Join the club, it happens to everybody.  It's truly amazing just how many degrees of crap there are. 

EDIT:  Ack, I had to go back and give my first major battle a double-take.  Just a few minor edits here and there (honestly), added a good +1,000 to the chapter.  But this is Nano, I'm not SUPPOSED to be EDITING, I should be WRITING!  Gah!


----------



## Mojotaian (Nov 7, 2009)

Haven't signed up yet, but would like to... too late?


----------



## Atrak (Nov 7, 2009)

Nope, only too late when November ends  .


----------



## Bobmuffins (Nov 7, 2009)

Heh, I'd be doing this if I had any ideas at all whatsoever.

My dad's doing it though, he's having a bit of trouble finding time to do it, but he's up to date with it at the moment, I believe.


----------



## Stratelier (Nov 7, 2009)

From my writing today:


> The incident would be recorded in Imperial communication as "mission accomplished; no survivors".


It wasn't a suicide mission, really.

I also fell apart laughing in a Nano forums discussion about "hard" vs. "soft" Sci-Fi:



			
				Stratadrake said:
			
		

> The science in my novel has the consistency of peanut butter -- neither hard nor soft, and a bit nutty.



... That Came Out Wrong.


----------



## Sarhea (Nov 9, 2009)

Oh lordy...NaNoWriMo...this is my first year trying this...and...oh heck.  I literally dreamed up an awesome idea days before it started.  I'm really excited about it too.  It's fun making stuff up as I go, even though I've got the whole story outlined in my head.

The problem?  Well, it's now day 8, I'm 14,000 words into my novel, and it's still just the prequel.  Is that bad?  I've pretty much come to the conclusion that the story is going to be at least a trilogy.  And at the rate that I'm going, each book is going to be several hundred pages long.  Most of it is probably utter crap that will need some serious editing, but damn...

All I know is that this is going to be WAAAYYYY longer than 50K words....


----------



## M. LeRenard (Nov 9, 2009)

Well, since most novels are more than 50000 words anyway, I don't think it's a problem to not be done with the story by the time you reach that amount.  Once you reach your 50k at the end of November, you call that a good start and then just keep going, I guess.
But yeah... 50000 words is really only the equivalent of maybe 100 pages or so (in standard print, I think), so probably pretty much everyone is bound to not be done with the whole story by that point.  I don't know if I will be or not; I'm at 18000 words and I'm at bullet point 11 out of 21 on my outline, so I could actually make it.  But I feel like I'm really rushing the story, too, so I could see it expanding in editing.
Either way, it's absolutely nothing to worry about.


----------



## Stratelier (Nov 9, 2009)

Sarhea said:


> I literally dreamed up an awesome idea days before it started.


Join the club -- I did that in 2007, closing the end of the month at 55,000 words (concluded!) and the same overall experience.
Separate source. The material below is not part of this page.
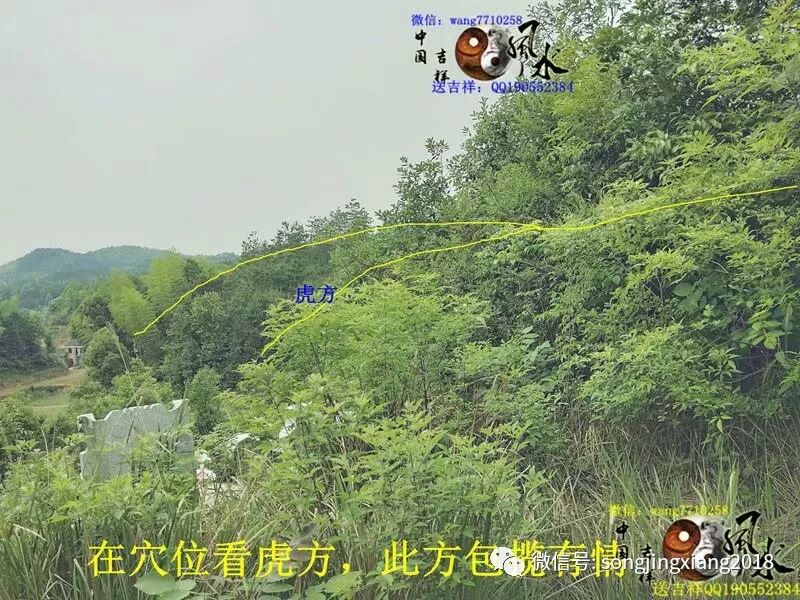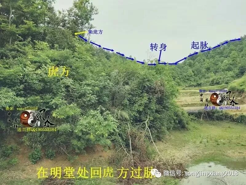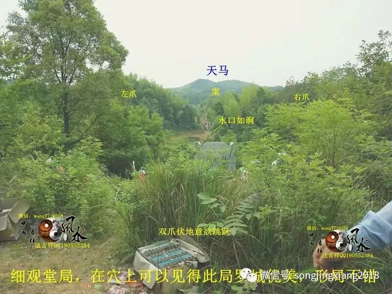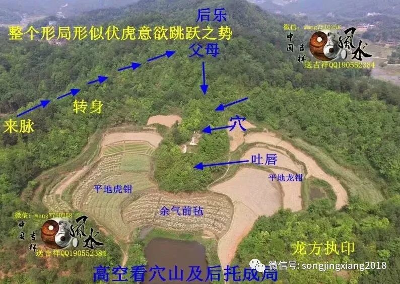 此地根据当地人描述,有人称谓之猛虎跳涧就在此,但也不少人称为大鹏展翅,但实地考察全局,实为猛虎跳涧为真也。此地来龙生猛,束咽有力,从少祖刀面山的巍峨山峰,突然下脉,急速短峡细束蜂腰入首,再突然急速起高顶,可谓龙不束咽龙不真,龙不起顶龙无力,此如此之急脉束咽起顶,可见此穴受气之巨大,起顶之后脉以T形起势,右拐作穴虎砂包揽城局,左拐行脉转身起再起父母土屏文诰,中抽下脉结成穴山,父母再弯环左转,开排牙成龙砂包揽成局,父母山再结后乐,经过上十重峰峦才顾水结穴,重重高起,形似虎身微略向上翘臂,龙虎砂低伏顾地,头部微伏而向上观望朝山,有如意欲伏地跳跃而起之势,而左右龙虎山夹拱成峡作涧,前有三层平案渐渐高起,一天马作朝,整个穴形形似 猛虎伏跳上案坐马之势,故称猛虎跳涧也。

> The problem?  Well, it's now day 8, I'm 14,000 words into my novel, and it's still just the prequel.


That sounds just like me this year (odd, is there an echo in here or is it just me?).  I've written about 12,000 words through yesterday (couldn't write today) and I'm still on what basically amounts to the _opening scene_.  Judging by my source material it'll probably be January before everything's said and done plot-wise.


----------



## nybx4life (Nov 9, 2009)

At least you guys are good when it comes to word count.

I'm WAY behind (by about 10,000 words, or somewhere in that amount)
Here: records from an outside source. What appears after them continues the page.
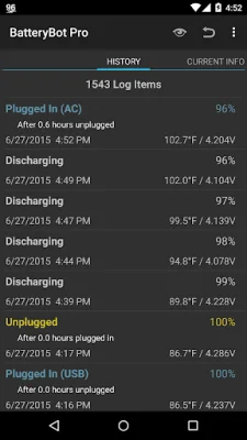 BatteryBot is an application that helps you monitor and manage your device's battery life. It displays your battery charge level as an icon in your status bar, along with other important information such as time remaining, temperature, health, voltage, and time since plugged or unplugged. It also offers a 1x1 app widget for easy access. The Pro version includes additional features like user-configurable alarms, logs, and a larger widget.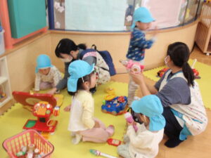 保育園にはない玩具がいっぱいで目を輝かせていた子どもたち。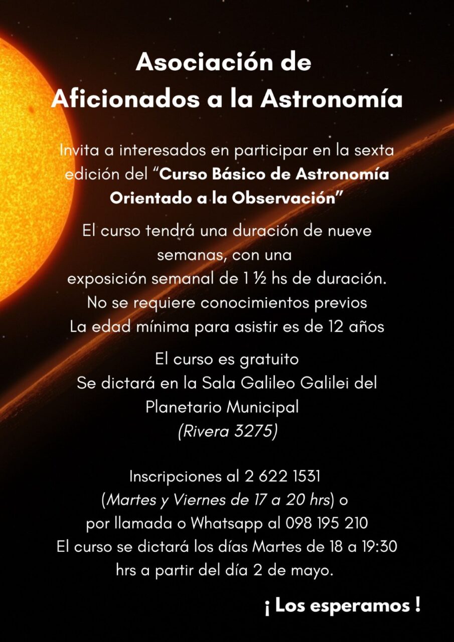 Nueve charlas que conforman un curso abarcativo, con consideración de la casi totalidad de los temas relevantes. Empero, con un nivel variable, entre básico y medio según el caso, de modo de que quien asiste sienta al finalizar que se le ha brindado información que le permite ubicarse frente al firmamento nocturno como frente a algo conocido, amigable, donde sabe qué buscar, dónde buscar y cómo buscar. No se requieren conocimientos previos. Dirigido especialmente a quienes no conocen del tema, pero con una base teórica firme en lo histórico, científico y técnico.

But either I have some confidence in what I'm writing (or conceited arrogance), or my work is actually pretty good, considering it's rushed way beyond comfort.


----------



## Sarhea (Nov 9, 2009)

Wow, I'm so glad I'm not alone, lol.

I've been sitting here writing at a decent clip, and all the while there's this little nagging voice in the back of my head that keeps me wondering if I'm starting this thing all wrong.  But seeing as I know this thing is going to be long, I guess it's not uncommon for the opening scene to take a few pages. 
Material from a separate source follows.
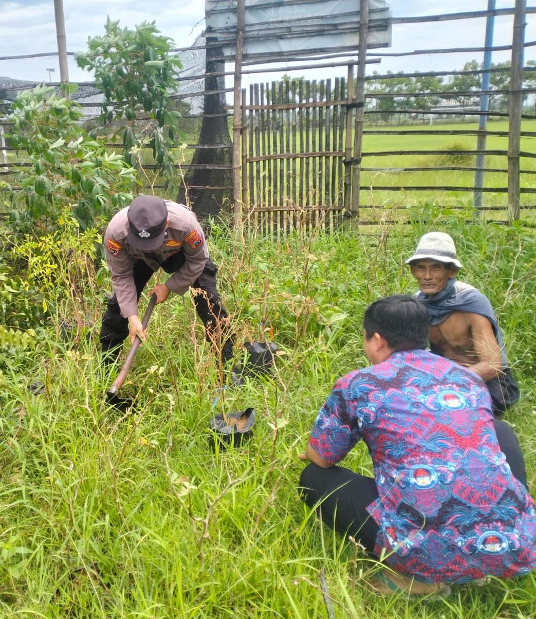 Bhabinkamtibmas juga memberikan semangat agar para petani tetap produktif dan semangat menggarap lahan sebagai bentuk kontribusi nyata terhadap ketahanan pangan lokal.

Gah, the prologue I'm writing basically takes place 10 years before the real story starts.  I HATE HATE HATE writing flashbacks, and the stuff I'm writing is fairly important to the story...maybe after i get the whole book hammered out I can find another way to write that beginning part, but for the moment, doing a prologue seemed to be my best option...errr..it got me writing anyway

But I will most definitely be one of the ones writing long after Nov 30 has passed.  I only hope I can get this vision in my head to come out on paper...I have issues with communication between my brain and my hand...I've already committed one NaNo no no...I revised a section because it wasn't right and it was preventing me from continuing Oo

I may have to make use of that critique thread once I get this chapter done, hopefully today.


----------



## RoseHexwit (Nov 10, 2009)

Grr. I'm ridiculously behind. I'm doing better than I did last year, though (I finished just short of 22,000 words).


----------



## Sarhea (Nov 10, 2009)

Gah, I've hit a few bumps in the road that are distracting me....I hit 15,500 words and I'm going blank, even though I can see the whole damn scene in my head.  I can't get myself to type it out...I'm going to have to kill my internet and the distraction it causes-I've only written roughly 500-600 words in two day...not good...


----------



## Scarborough (Nov 10, 2009)

Sarhea said:


> Gah, the prologue I'm writing basically takes place 10 years before the real story starts.  I HATE HATE HATE writing flashbacks, and the stuff I'm writing is fairly important to the story...maybe after i get the whole book hammered out I can find another way to write that beginning part, but for the moment, doing a prologue seemed to be my best option...errr..it got me writing anyway


Funny. I love flashbacks. I'm trying to write this thing with as few flashbacks as possible and from a single POV and it's terribly difficult.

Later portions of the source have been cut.